I wrapped the computation in a easy harness to compute the matrix product repeatedly, to ensure the occasions are repeatable. (See End Note 1.) This system prints out when every matrix multiplication begins (relative to the beginning of the Java digital machine), and the way lengthy every matrix multiply takes. Right here I ran the check to multiply two 8000×8000 matrices. The harness repeats the computation 11 occasions, and to higher spotlight the habits later, sleeps for 920 milliseconds between the repetitions:

$ numactl --cpunodebind=0 --membind=0 -- 
java -XX:+UseParallelGC -Xms31g -Xmx31g -Xlog:gc -XX:-UsePerfData 
  MxV -m 8000 -n 8000 -r 11 -s 920

Determine 1: Working the matrix multiply program

Word that the second repetition takes 92% of the time of the primary repetition, and the final repetition takes solely 89% of the primary repetition. These variations within the execution occasions verify that Java applications want a while to heat up.

The query is: Can I take advantage of gprofng to see what is going on between the primary repetition and the final repetition that makes the efficiency enhance?

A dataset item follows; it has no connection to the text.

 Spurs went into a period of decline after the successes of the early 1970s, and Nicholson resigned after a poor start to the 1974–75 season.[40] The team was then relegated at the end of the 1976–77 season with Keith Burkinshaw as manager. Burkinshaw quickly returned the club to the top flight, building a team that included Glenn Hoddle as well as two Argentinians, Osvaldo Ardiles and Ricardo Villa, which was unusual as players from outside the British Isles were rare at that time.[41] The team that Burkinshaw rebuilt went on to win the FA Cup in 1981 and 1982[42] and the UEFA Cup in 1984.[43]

One method to reply that query is to run this system and let gprofng acquire details about the run. Thankfully, that’s simple: I merely prefix the command line with a gprofng command to gather what gprofng calls an “experiment.”:

$ numactl --cpunodebind=0 --membind=0 -- 
gprofng acquire app 
    java -XX:+UseParallelGC -Xms31g -Xmx31g -Xlog:gc --XX:-UsePerfData 
        MxV -m 8000 -n 8000 -r 11 -s 920

Figure 2: Running the matrix multiply program under gprofng

Determine 2: Working the matrix multiply program underneath gprofng

The very first thing to notice, as with all profiling software, is the overhead that gathering profiling data imposes on the appliance. In comparison with the earlier, unprofiled run, gprofng appears to impose no noticeable overhead.

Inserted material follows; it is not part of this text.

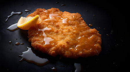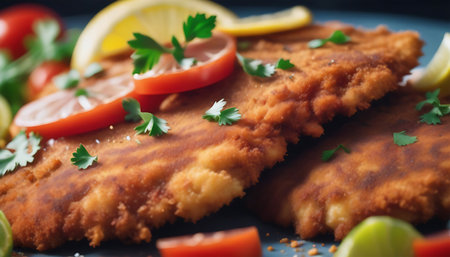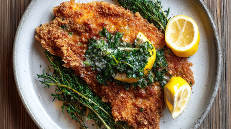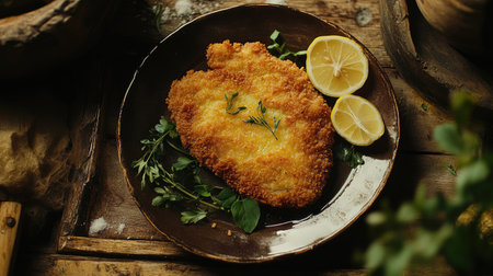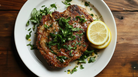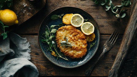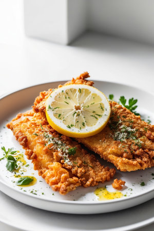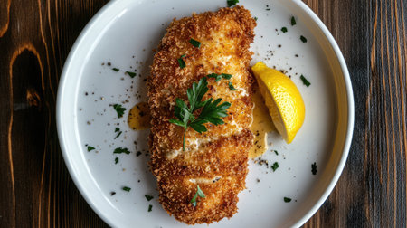 A delicious crispy breaded cutlet garnished with a vibrant lemon slice and fresh herbs, beautifully plated for an enticing culinary experience.

I can then ask gprofng how the time was spent in the whole software. (See End Note 2.) For the entire run, gprofng says the most well liked 24 strategies are:

$ gprofng show textual content -viewmode skilled -limit 24 -functions

Figure 3: Gprofng display of the hottest 24 methods

Determine 3: Gprofng show of the most well liked 24 strategies

The capabilities view proven above provides the unique and inclusive CPU occasions for every methodology, each in seconds and as a proportion of the overall CPU time. The perform named is a pseudo perform generated by gprofng and has the overall worth of the assorted metrics. On this case I see that the overall CPU time spent on the entire software is 1.201 seconds.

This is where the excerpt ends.